A Systematic Approach to the Bleeding Patient: Correlation of Clinical Symptoms and Signs With Laboratory Testing

Introduction

In the current medical climate of laboratory expertise and automation, an expanded menu of increasingly sophisticated testing can provide immediately meaningful diagnostic, therapeutic, and prognostic indicators. On the other hand, economic justification and insurance “gatekeeping” often constrain the physician's ability to obtain these data. The clinical hematologist/hemostaseologist is particularly affected due to the number of esoteric laboratory assays required to provide state-of-the-art and cost-effective patient management. Examination of the peripheral blood smear and bone marrow aspirate to establish a diagnosis based on visual and morphologic criteria has been supplanted by considerably more accurate and sensitive immunohistochemical, cytogenetic, molecular diagnostic, and flow cytometric analyses with monoclonal antibodies.
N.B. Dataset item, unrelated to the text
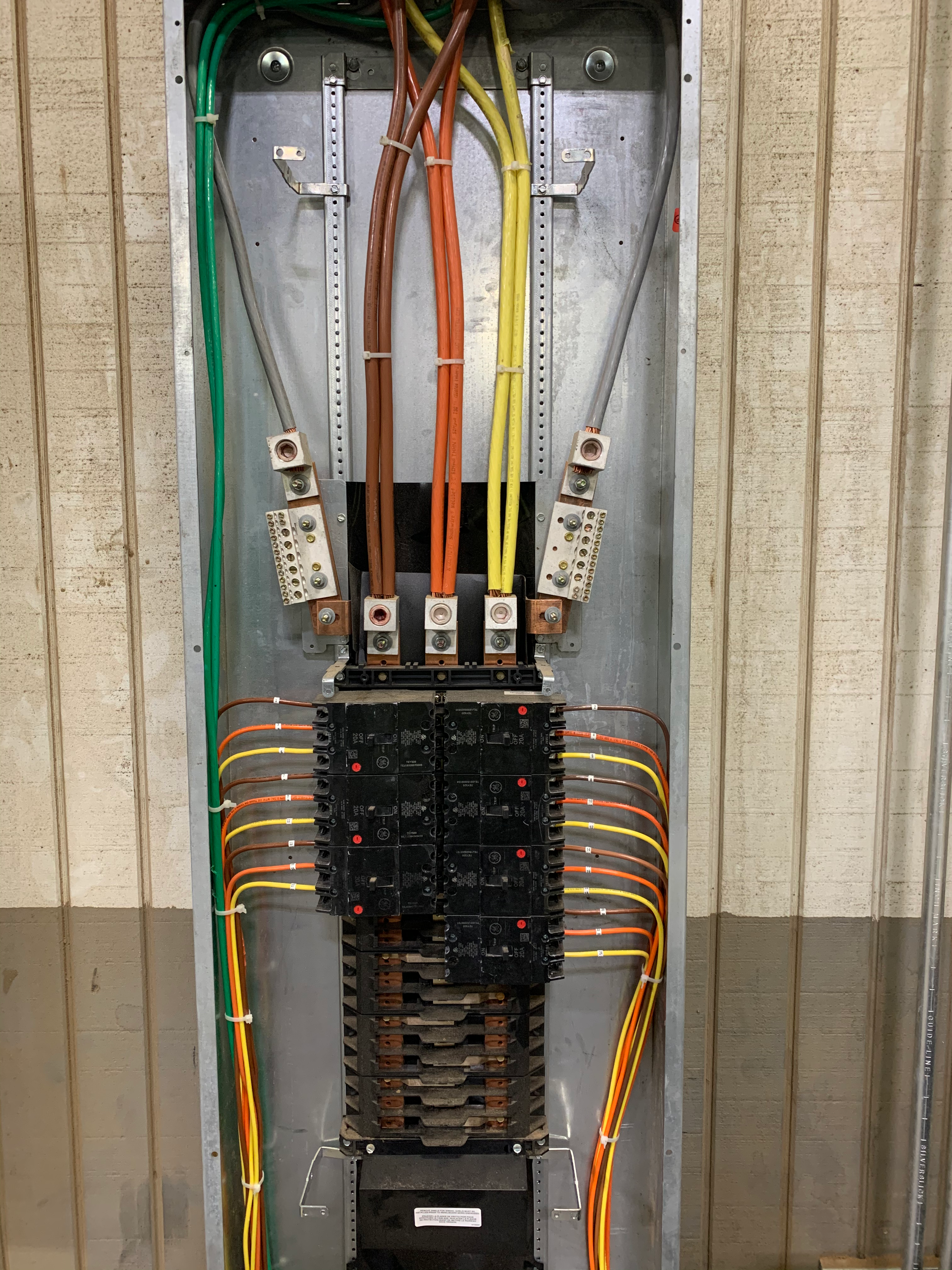 - Electrical panel wiring, showcasing an electrical contractor's work

In contrast, and perhaps more unique to the bleeding patient than to other categories of illness, the patient interview provides the foundation for making the diagnosis, determining which laboratory tests are most appropriate to order, and formulating treatment strategies. Careful attention to these elements of patient assessment substantially reduces morbidity, mortality, and the cost of care while minimizing the medical-legal exposure of the physician.
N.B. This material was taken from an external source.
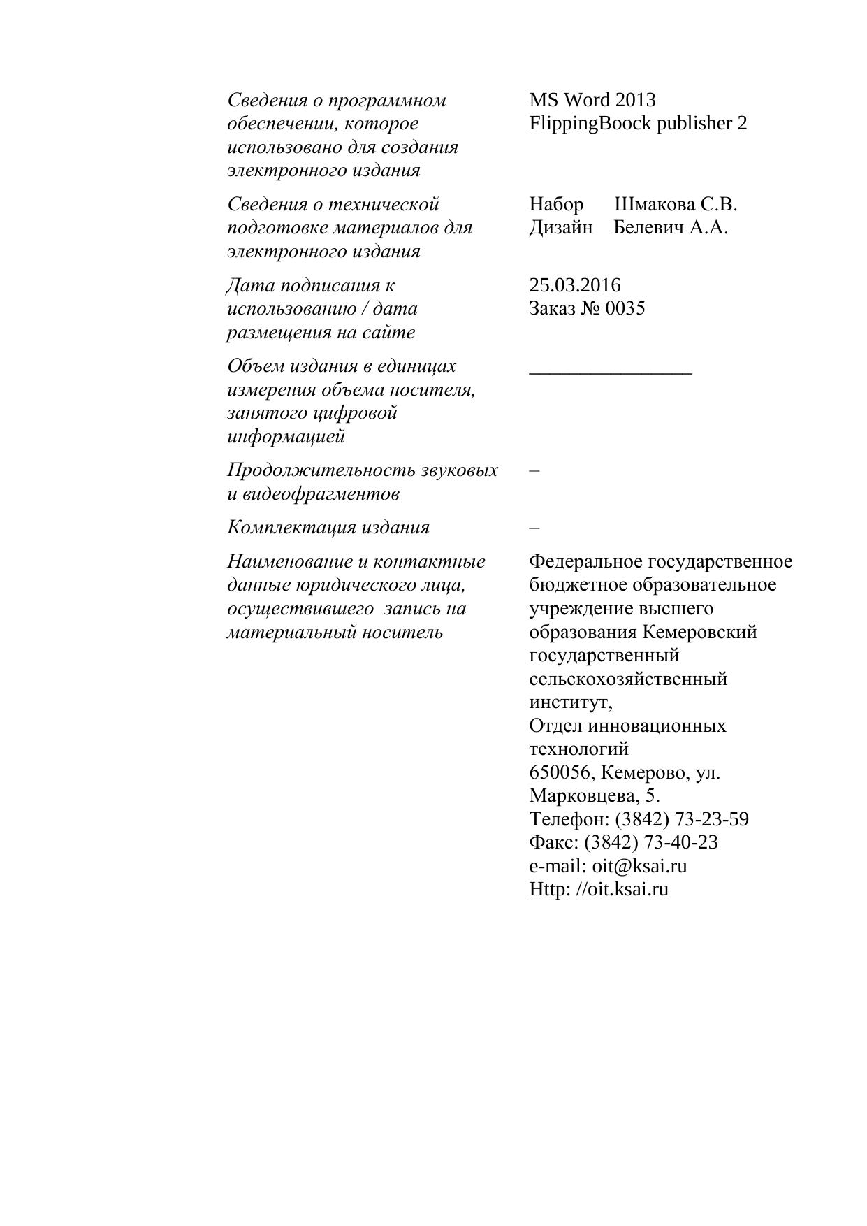 Издательство: Кузбасская государственная селькохозяйственная академия

This chapter offers a systematic approach to the patient with a clinically significant risk of bleeding or an immediate history of spontaneous excessive hemorrhage. Approaches to laboratory confirmation of bleeding causes are also presented, because interpreting data from the coagulation laboratory requires an understanding and appreciation of the vagaries of the techniques employed to generate them. This chapter also discusses how the coagulation laboratory can provide insight into the pathophysiology of the patient's condition and presents a rationale for treatment.

Evaluating patients with hemorrhagic complications is a multistep process involving a complete history, detailed physical examination, and directed laboratory evaluation. The relative emphasis placed on each of these components varies according to the unique clinical situation, but all factors must be considered. Important points of differentiation include localized versus systemic defects, acquired versus inherited defects, and disorders of primary (i.e., those related to platelet abnormalities) versus secondary hemostasis (i.e., those related to coagulation factor, fibrinogen, or connective tissue abnormalities). It is important for the clinician to understand that some clinical situations do not allow for a comprehensive evaluation and may therefore require a more streamlined approach. Intubated patients who develop brisk bleeding during the immediate postoperative period, for example, will be unable to provide any information about their personal or family history; a determination of these patients' most likely cause for bleeding will therefore rest on pertinent physical and laboratory findings. Of primary importance for all consulting hematologists is realizing that the management of coagulation abnormalities—which are often epiphenomena or complications of other medical illnesses—is often empirical and cannot always be approached through a standard algorithm.

Clinical Evaluation

Each component of the clinical assessment provides critical information supporting or refuting the possibility that a true hemorrhagic disorder exists. The information garnered from the history and physical examination ultimately guides the direction, extent, and tempo of the laboratory evaluation and helps the clinician determine how future bleeding complications can be managed and/or prevented. This multifactorial approach is necessary because the likelihood of false-positive and false-negative diagnoses is high when the decision rests on one component alone. Consider, for example, the process required to obtain an accurate medical history. Patients' perception of their own bleeding tendency is often exaggerated or understated. In one study conducted in the Åland Islands, where von Willebrand disease (VWD) was originally detected in 1928, 65% of women and 35% of men from families with no history of bleeding and no personal laboratory evidence of a bleeding disorder answered a self-administered binary questionnaire with responses indicative of a symptomatic bleeding diathesis. In contrast, 38% of the women and 54% of the men with documented laboratory evidence of a coagulation defect and a positive family history of symptomatic VWD or qualitative platelet disorders answered the same questionnaire as if they were completely unaware of their bleeding diathesis.